Contamination is another technically demanding issue. Ground-up mammoth bone, for example, contains DNA from all sorts of sources, including bacteria, fungi, and other organisms that colonized the bone–and sometimes the genetic material of the people who handled it in the field or in the lab. In fact, many of the first scientific claims for ancient DNA sequences turned out to be sequences from modern humans instead.

Age of extinction

“Contamination is easier to detect now and we have good techniques and protocols to prevent it during excavation and transfer to the lab. But it’s still difficult to distinguish host from non-host DNA,” Shapiro said.

The ice age

Shapiro’s discoveries have overturned a few ideas. It turns out that late Pleistocene extinctions started earlier and lasted longer than previously realized. Many species began to decline about 40,000 to 35,000 years ago in a warmer interglacial period, significantly before the coldest temperatures, and long before humans arrived in the area around 14,000 to 12,000 years ago. While human hunting likely weakened the already small and genetically constricted populations, it did not set off the chain of events as one theory suggested.

Researchers compare the amount of genetic diversity in a species over time by sequencing DNA from living animals as well as those that lived at different time periods. lots of diversity correlates with big populations, while less diversity means small populations.

“We’re learning from hard empirical evidence. one thing we see is that species did not respond to climatic stress in the same way as each other,” Shapiro said. The wooly rhino, wild horses, and mammoths went extinct. But caribou, bison, and musk ox survived, although they experienced a drastic drop in genetic diversity.
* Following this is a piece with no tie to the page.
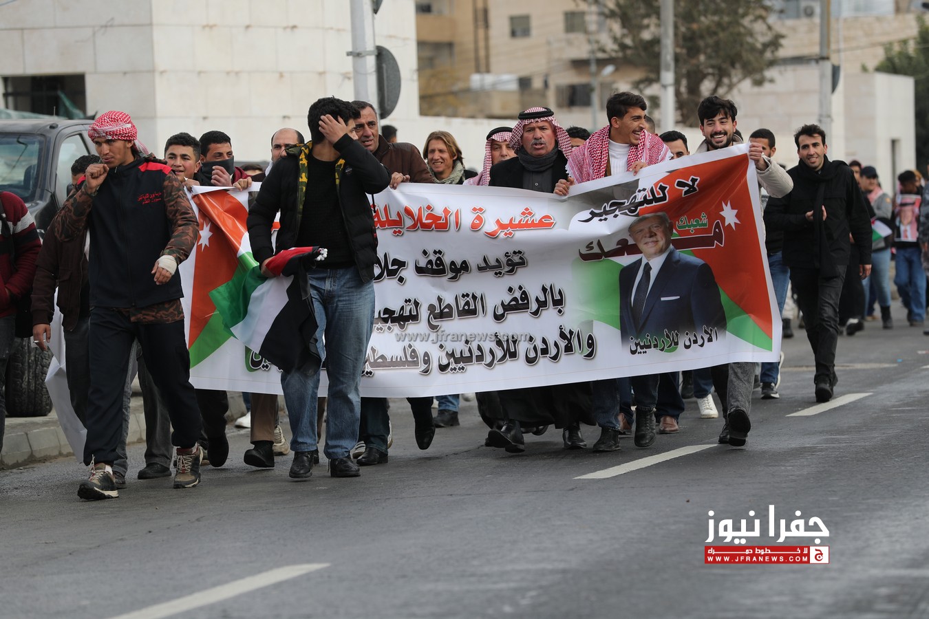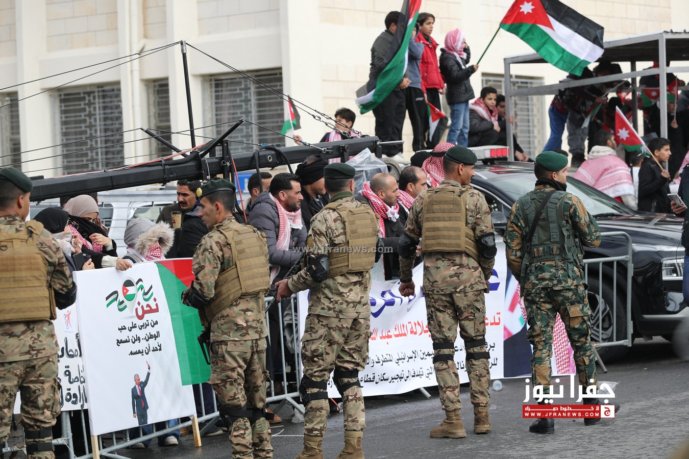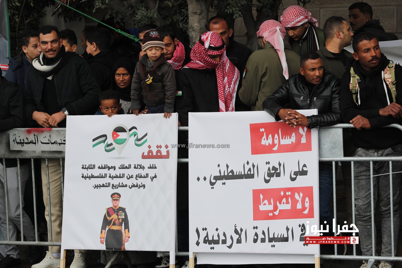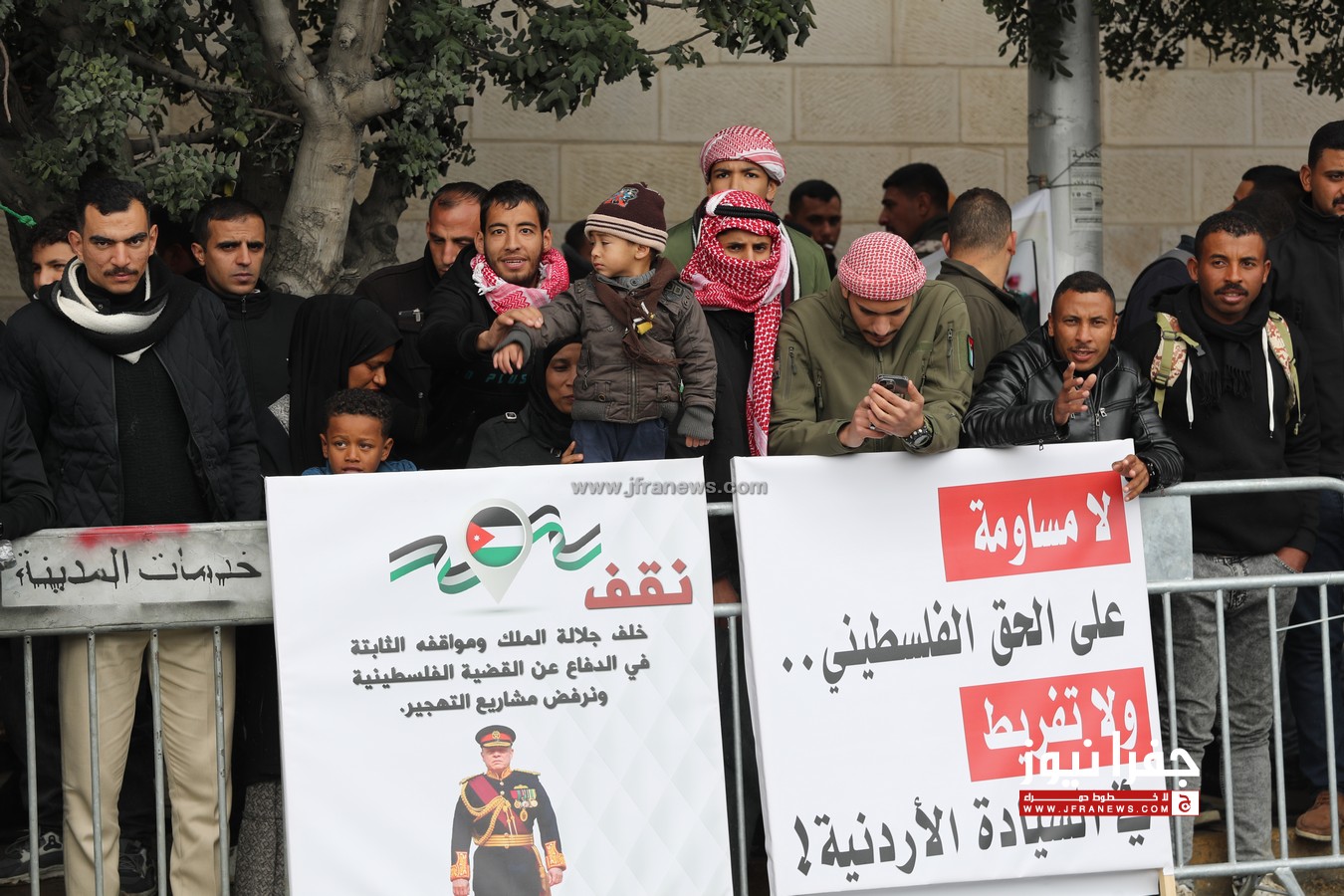 واحتشد المواطنون على طول الطريق من مطار ماركا العسكري وصولا إلى قصر رغدان العامر حاملين صور جلالته ورايات العلم الأردني ،ولافتات التأييد لمواقف جلالته في رفض التهجير القسري للفلسطينيين من أرضهم في الضفة الغربية وقطاع غزة، وتعبيرًا عن دعمهم لهذه المواقف المشرفة.

All these megafauna actually thrived in cold periods. Perhaps the warm interglacial and post-ice-age periods caused the most strain, Shapiro suggested, favoring species that were better able to move between patches of suitable habitat–as habitat, too, shifted in response to climate fluctuations.

Shapiro keeps returning to the site of this huge natural experiment–next year she’ll bring undergraduates on a new, every-other-summer, UCSC Arctic ecology field course–unearthing the past, in part to contribute to making sound conservation decisions for the future.

“Genetic diversity is disappearing from this planet at an astounding rate,” said David Haussler, UC Santa Cruz distinguished professor of biomolecular engineering and co-founder of the Genome 10K Project that Shapiro is now a leader of. “Beth is just the kind of charismatic thought leader we need right now to help forge the way forward. She is totally unafraid of new ideas, and brilliant enough to make them work.”